A Fencing Club, open to women and men, was established in 1948.  The club sponsored men’s and women’s teams drawn from its membership.  Fencers including Dot Norton ’53, Hedevig “Deddy” Frolich ’52, Thelma Gore ’51, Nathalie Norton ’53 and Nancy Des Reis ’54 were part of a four-year winning streak, 1950-54. 

For almost 20 years, from the end of World War II into the mid-1960s, a “typical WAA year” reflected what was happening at St. Lawrence as the anti-competitive era in women’s sports slowly drew to a close.  In addition to the fall, winter and spring “play days,” annual events included a fall mountain climbing trip in the Adirondacks, followed by a Halloween party.  “The WAA on Ice” was the main winter event; the annual horse show was featured in the spring. 

Changing Programs and the Impact of Title IX (1968-1974)

“No person shall…. on the basis of sex, be excluded from participation
in, be denied the benefits of, or be subjected to discrimination under any educational programs or activities receiving federal financial assistance.”
Title IX – Education Act of 1972

In her article “Women’s Pre-Title IX Sports History in the United States,” Nancy Struna states that there was “a dynamic and continuing growth of women’s sports in the late 1960’s” (  St. Lawrence’s women were not left behind in this movement.
Throughout the 1960s, Women’s Athletic and Recreation Association (WARA, the successor to the WAA) sports days became less frequent and department-sponsored teams were organized.  By the close of the decade, limited game schedules for intercollegiate competition began to grow for field hockey, tennis and basketball.

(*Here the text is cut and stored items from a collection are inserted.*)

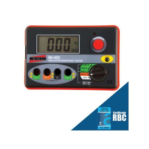MEGÔHMETRO DIGITAL PORTATIL FAIXA 2500V E 20 GIGAOHMS MOD. MI-400 COM CERTIFICADO DE CALIBRAÇÃO ACREDITADA RBC DESCRIÇÃO: Megôhmetro digital portatil faixa 2500v e 20 gigaohms mod. MI-400, incluso certificado de calibração acreditada rbc DESCRIÇÃO CERTIFICADO DE CALIBRAÇÃO: Certificado de Calibração RBC P/ Megôhmetro Sob Procedimento PCI-014 e PCI-039 em Resistência 0 a 500GOHMS e Tensão Alternada de 0 a 1000V em Pontos bem Distribuídos pelas Faixas de Medição Calibração acreditada RBC Procedência: Laboratório de Calibração Instrutherm ESPECIFICAÇÕES TÉCNICAS: Display de Cristal líquido LCD de 3½ dígitos, o valor máximo de exibição no display é de 1999. Escala: 0 - 20G? Tensão de Teste: 500V/1000V/2500V Tensão de saída: Tensão de teste de 90 a 110% Divisão mínima: 0,01M? Precisão: 0 a 200M? ±(3% de leitura + 2 dígitos significantes) 200M? a 1000M? ±(5% de leitura + 3 dígitos significantes) 1000M? a 20G? ±(10% de leitura + 5 dígitos significantes) Tensão AC: 0 a 700V Precisão: ±(1,5% de leitura + 5 dígitos significantes) Categoria: CAT II - 600V Função DATA HOLD: Congela a leitura no display Temperatura de Operação: 0 - 40ºC Umidade de Operação: < 80%UR Alimentação: 6 pilhas de 1,5V tamanho AA Dimensões: 150 x 100 x 70mm Peso: 680g(incluindo pilhas) ACESSÓRIOS FORNECIDOS: Estojo para transporte Ponta de prova com sensor (vermelha) Ponta de prova blindada com adaptador jacaré Ponta de prova tipo jacaré 6 pilhas de 1,5V “AA” Manual de instruções Certificado de calibração acreditada rbc
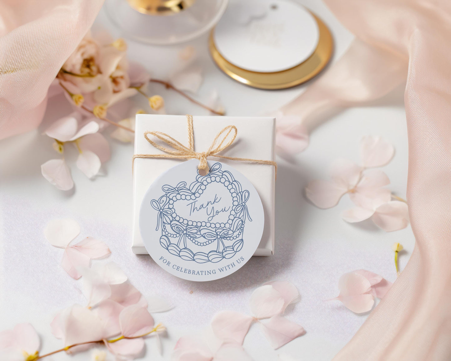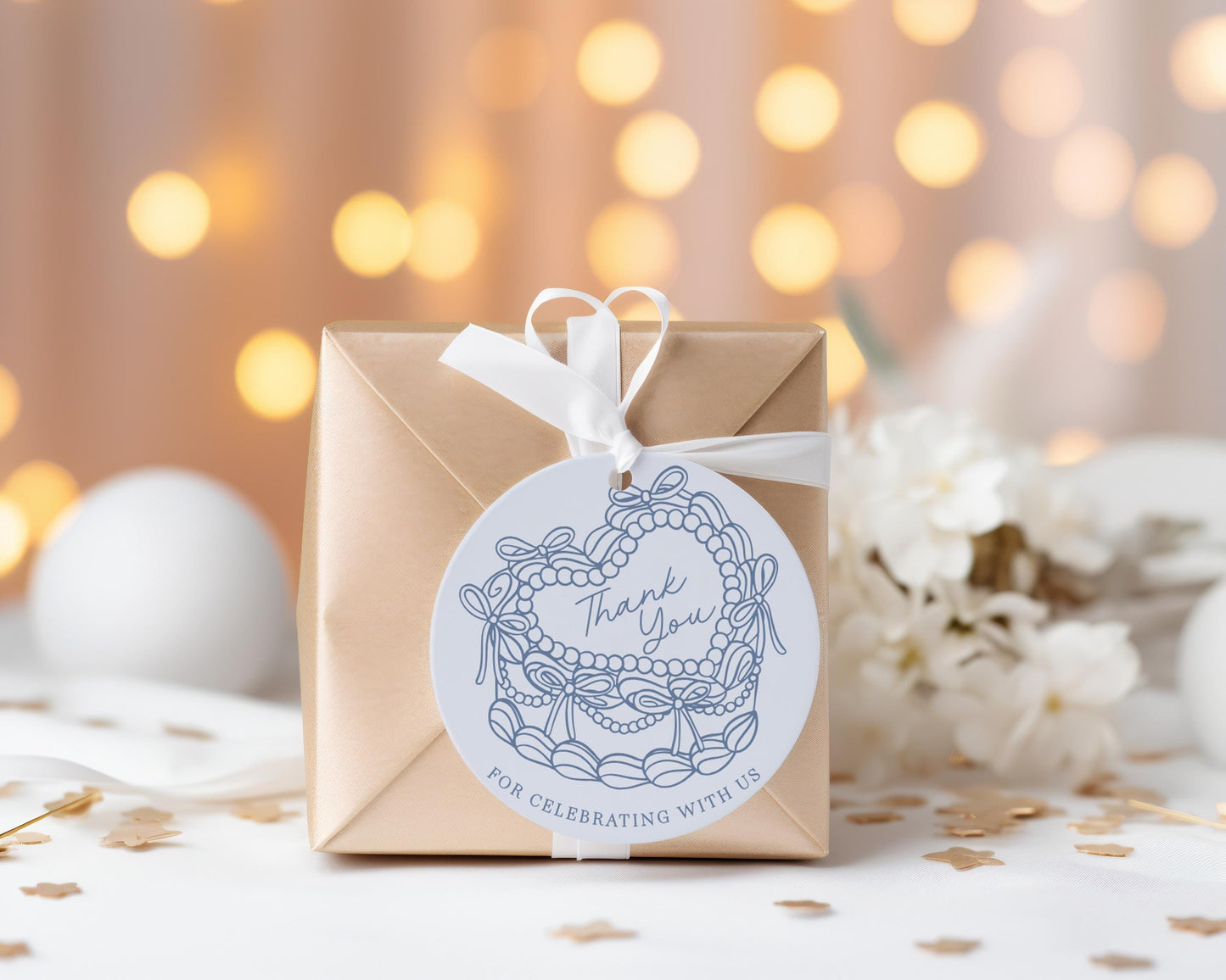 Blue Coquette Heart Cake Bridal Shower Favor Tags Printable Template
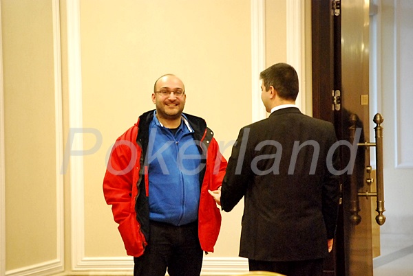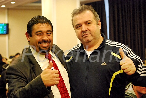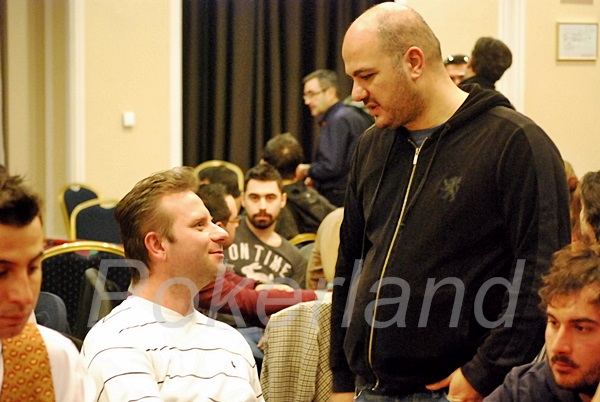 15.000 μάρκες είναι το αρχικό στακ του PLC #6, τα blinds ανεβαίνουν κάθε 60 λεπτά. Στη φωτό ο διευθυντής του poker room του Princess Casino με τον Ανδρέα Βλάχο.

In the fall of 1974, the merging of the men’s and women’s departments paved the way for a committed effort to adhere to both the spirit and the letter of Title IX.  Women’s intercollegiate offerings continued to grow, with soccer, ice hockey, volleyball, swimming, cross country and track and field.  Later, softball was elevated from club status.  When crew, golf and squash were added in the late 1990s for both women and men, the college reached its current level of offerings – 15 for men, 16 for women and one, riding, which is coeducational in the modern meaning of the word.